[WHAT IS EXPECTED]: Only some lines are wanted. Transcribe, exactly, the lines below from the line with "04 avril 2020" up to and including the line with "Adrian Peterson sprinted".

[EXERCISE INPUT]:
Content starts

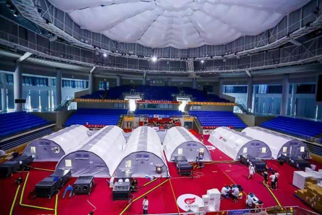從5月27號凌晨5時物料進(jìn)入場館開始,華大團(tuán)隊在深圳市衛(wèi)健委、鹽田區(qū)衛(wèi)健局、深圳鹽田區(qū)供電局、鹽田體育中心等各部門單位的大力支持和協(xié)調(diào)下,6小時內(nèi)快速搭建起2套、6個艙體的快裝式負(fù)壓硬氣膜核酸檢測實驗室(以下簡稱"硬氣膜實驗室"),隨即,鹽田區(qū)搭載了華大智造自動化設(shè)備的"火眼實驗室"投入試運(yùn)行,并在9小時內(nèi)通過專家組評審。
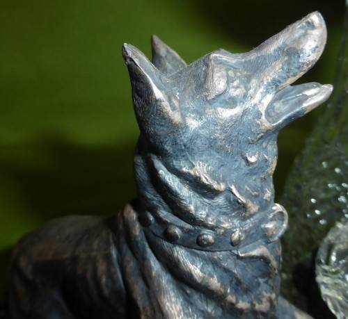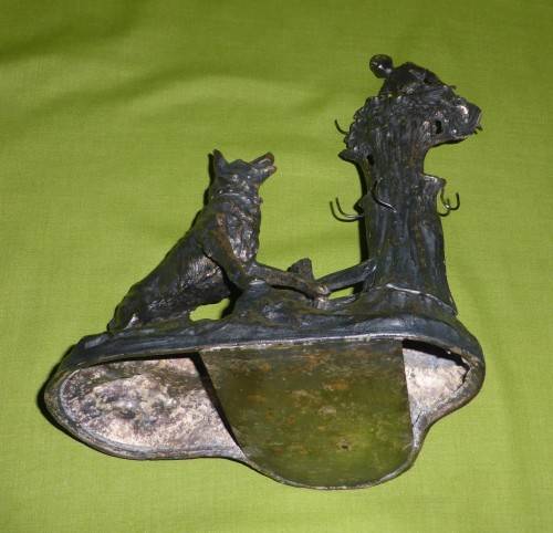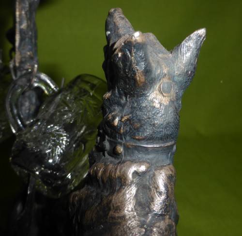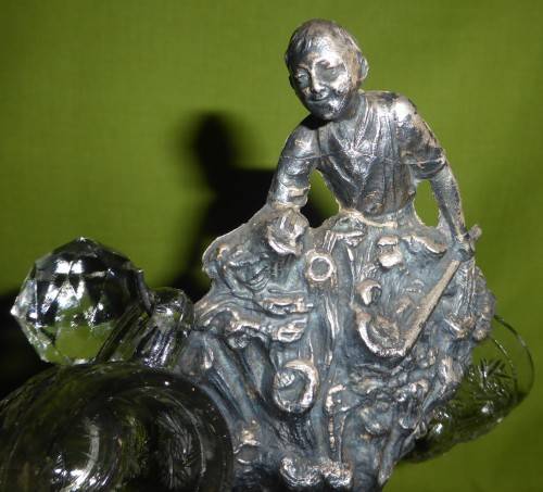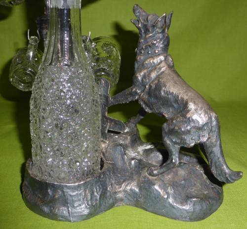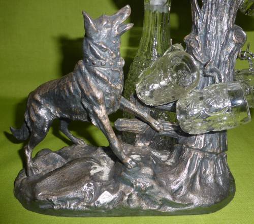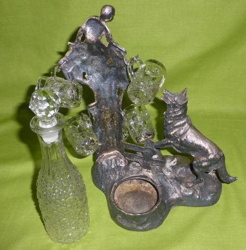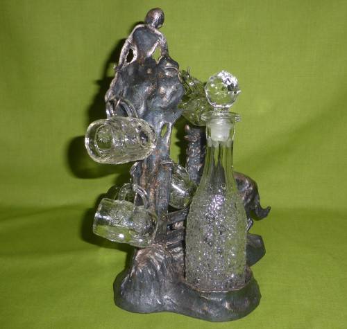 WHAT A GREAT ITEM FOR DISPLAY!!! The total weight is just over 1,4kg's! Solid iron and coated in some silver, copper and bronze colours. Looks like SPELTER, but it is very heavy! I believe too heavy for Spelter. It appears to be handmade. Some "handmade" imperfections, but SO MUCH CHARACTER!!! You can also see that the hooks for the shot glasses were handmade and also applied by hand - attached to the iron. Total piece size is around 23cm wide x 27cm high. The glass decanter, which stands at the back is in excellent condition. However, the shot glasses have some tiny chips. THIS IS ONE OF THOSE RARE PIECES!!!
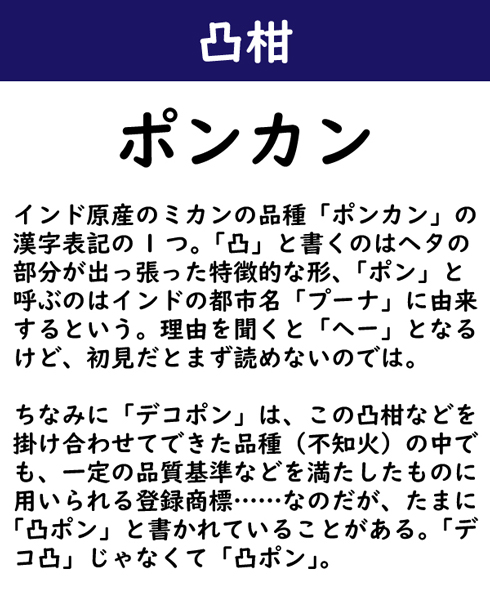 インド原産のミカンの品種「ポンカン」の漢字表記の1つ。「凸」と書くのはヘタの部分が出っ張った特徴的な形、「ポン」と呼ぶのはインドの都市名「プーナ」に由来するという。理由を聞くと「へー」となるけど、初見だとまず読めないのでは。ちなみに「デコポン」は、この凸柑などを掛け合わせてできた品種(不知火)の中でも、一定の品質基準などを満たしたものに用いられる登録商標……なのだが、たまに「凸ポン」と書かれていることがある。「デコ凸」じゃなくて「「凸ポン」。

Content ends
Content starts

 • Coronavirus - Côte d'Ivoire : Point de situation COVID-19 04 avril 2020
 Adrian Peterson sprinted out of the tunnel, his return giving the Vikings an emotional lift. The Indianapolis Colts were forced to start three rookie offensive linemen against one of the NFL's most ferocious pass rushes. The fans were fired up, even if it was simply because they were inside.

Content ends

[RESPONSE TO THIS TASK]:
 • Coronavirus - Côte d'Ivoire : Point de situation COVID-19 04 avril 2020
 Adrian Peterson sprinted out of the tunnel, his return giving the Vikings an emotional lift. The Indianapolis Colts were forced to start three rookie offensive linemen against one of the NFL's most ferocious pass rushes. The fans were fired up, even if it was simply because they were inside.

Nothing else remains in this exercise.